Task item: All pictures are to be excluded when the data below is output verbatim.

Extracted data:
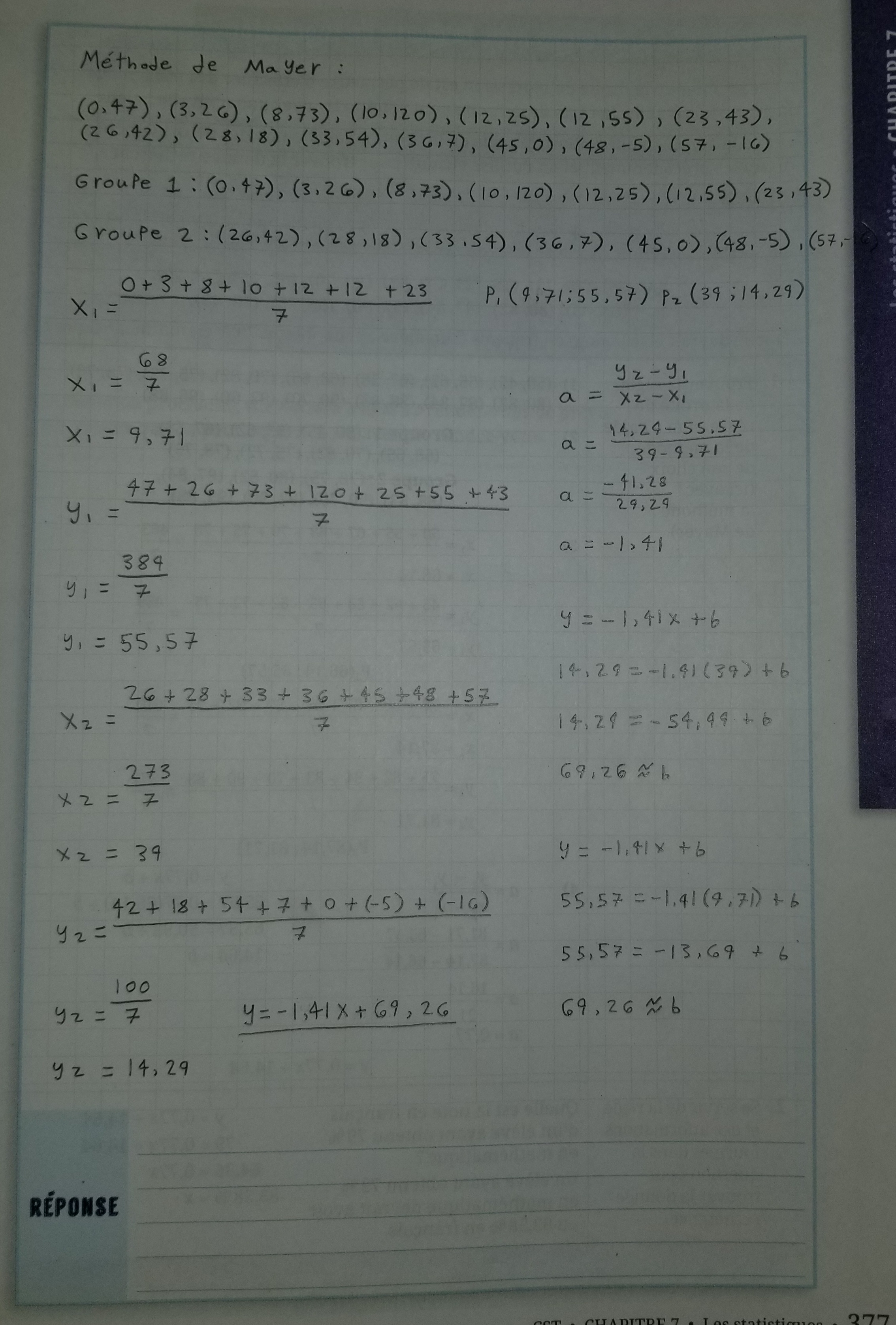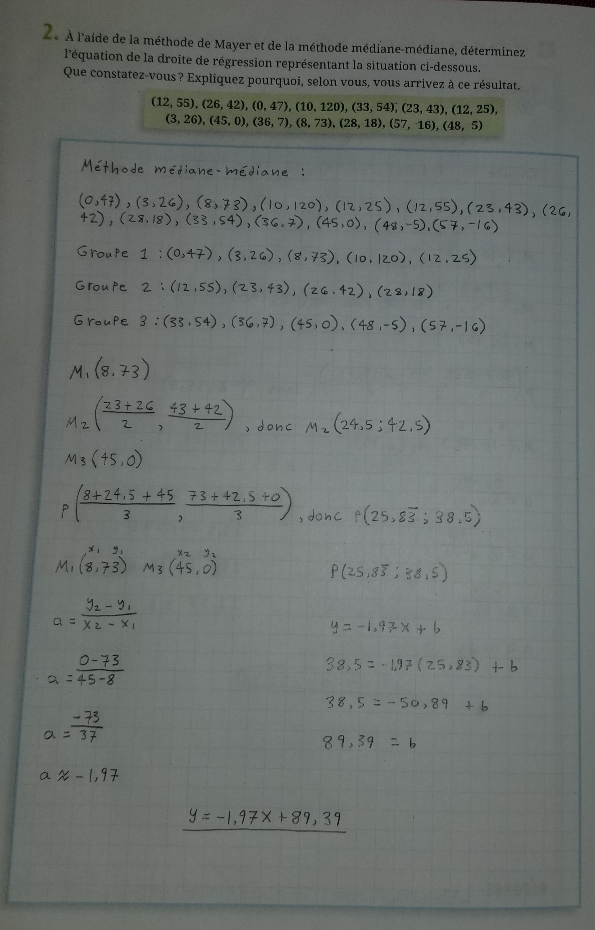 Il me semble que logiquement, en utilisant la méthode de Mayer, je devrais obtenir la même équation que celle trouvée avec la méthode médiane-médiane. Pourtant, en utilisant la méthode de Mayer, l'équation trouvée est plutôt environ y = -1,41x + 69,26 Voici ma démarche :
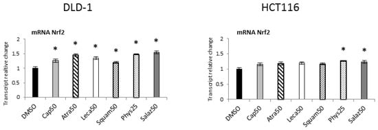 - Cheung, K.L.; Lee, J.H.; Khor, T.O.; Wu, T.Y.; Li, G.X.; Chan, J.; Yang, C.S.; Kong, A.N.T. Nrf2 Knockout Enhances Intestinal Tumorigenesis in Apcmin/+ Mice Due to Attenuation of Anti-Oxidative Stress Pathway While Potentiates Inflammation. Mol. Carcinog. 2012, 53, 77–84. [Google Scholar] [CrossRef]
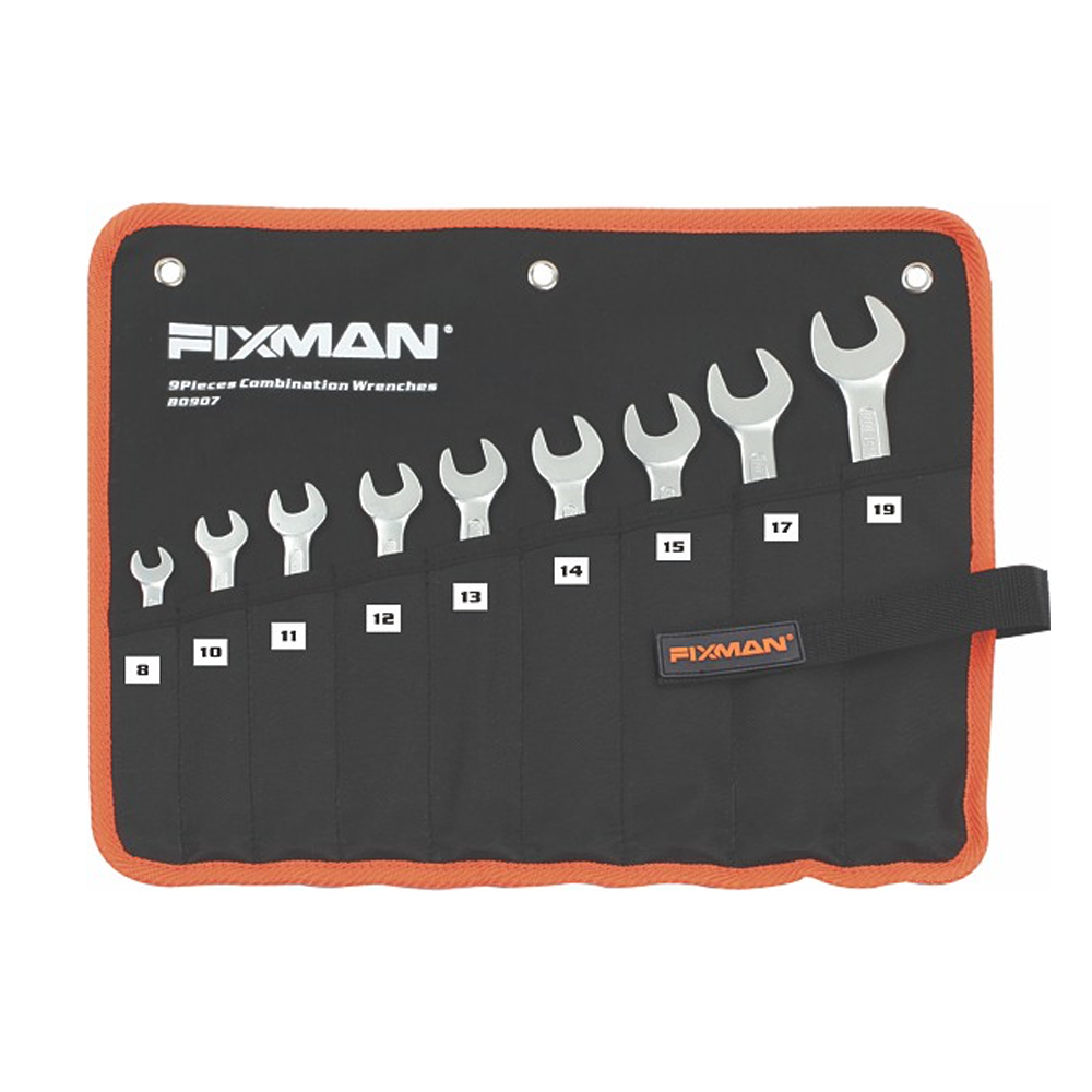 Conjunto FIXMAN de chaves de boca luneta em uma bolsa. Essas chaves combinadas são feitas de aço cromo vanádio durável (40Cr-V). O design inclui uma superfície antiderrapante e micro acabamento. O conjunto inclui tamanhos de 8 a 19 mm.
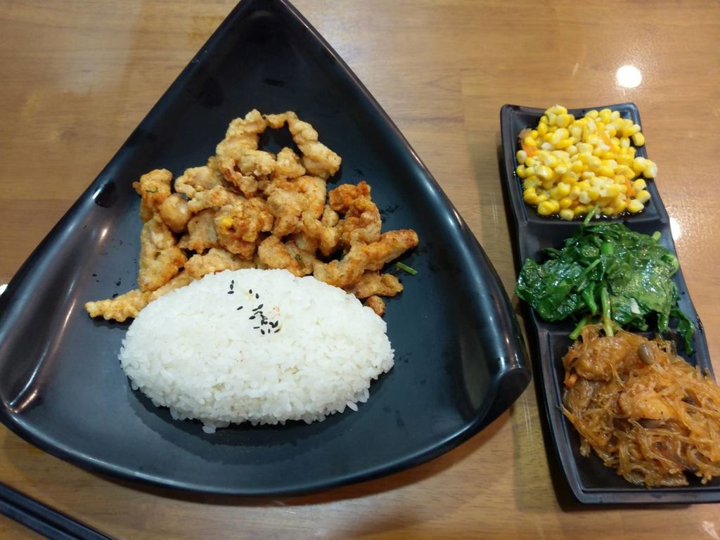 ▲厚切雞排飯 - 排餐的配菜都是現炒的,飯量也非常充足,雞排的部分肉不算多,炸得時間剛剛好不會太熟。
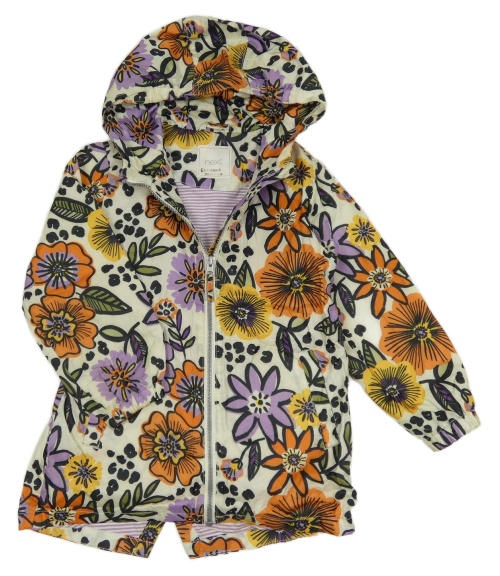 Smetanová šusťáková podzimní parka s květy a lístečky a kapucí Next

Written answer:
 Il me semble que logiquement, en utilisant la méthode de Mayer, je devrais obtenir la même équation que celle trouvée avec la méthode médiane-médiane. Pourtant, en utilisant la méthode de Mayer, l'équation trouvée est plutôt environ y = -1,41x + 69,26 Voici ma démarche :
 - Cheung, K.L.; Lee, J.H.; Khor, T.O.; Wu, T.Y.; Li, G.X.; Chan, J.; Yang, C.S.; Kong, A.N.T. Nrf2 Knockout Enhances Intestinal Tumorigenesis in Apcmin/+ Mice Due to Attenuation of Anti-Oxidative Stress Pathway While Potentiates Inflammation. Mol. Carcinog. 2012, 53, 77–84. [Google Scholar] [CrossRef]
 Conjunto FIXMAN de chaves de boca luneta em uma bolsa. Essas chaves combinadas são feitas de aço cromo vanádio durável (40Cr-V). O design inclui uma superfície antiderrapante e micro acabamento. O conjunto inclui tamanhos de 8 a 19 mm.
 ▲厚切雞排飯 - 排餐的配菜都是現炒的,飯量也非常充足,雞排的部分肉不算多,炸得時間剛剛好不會太熟。
 Smetanová šusťáková podzimní parka s květy a lístečky a kapucí Next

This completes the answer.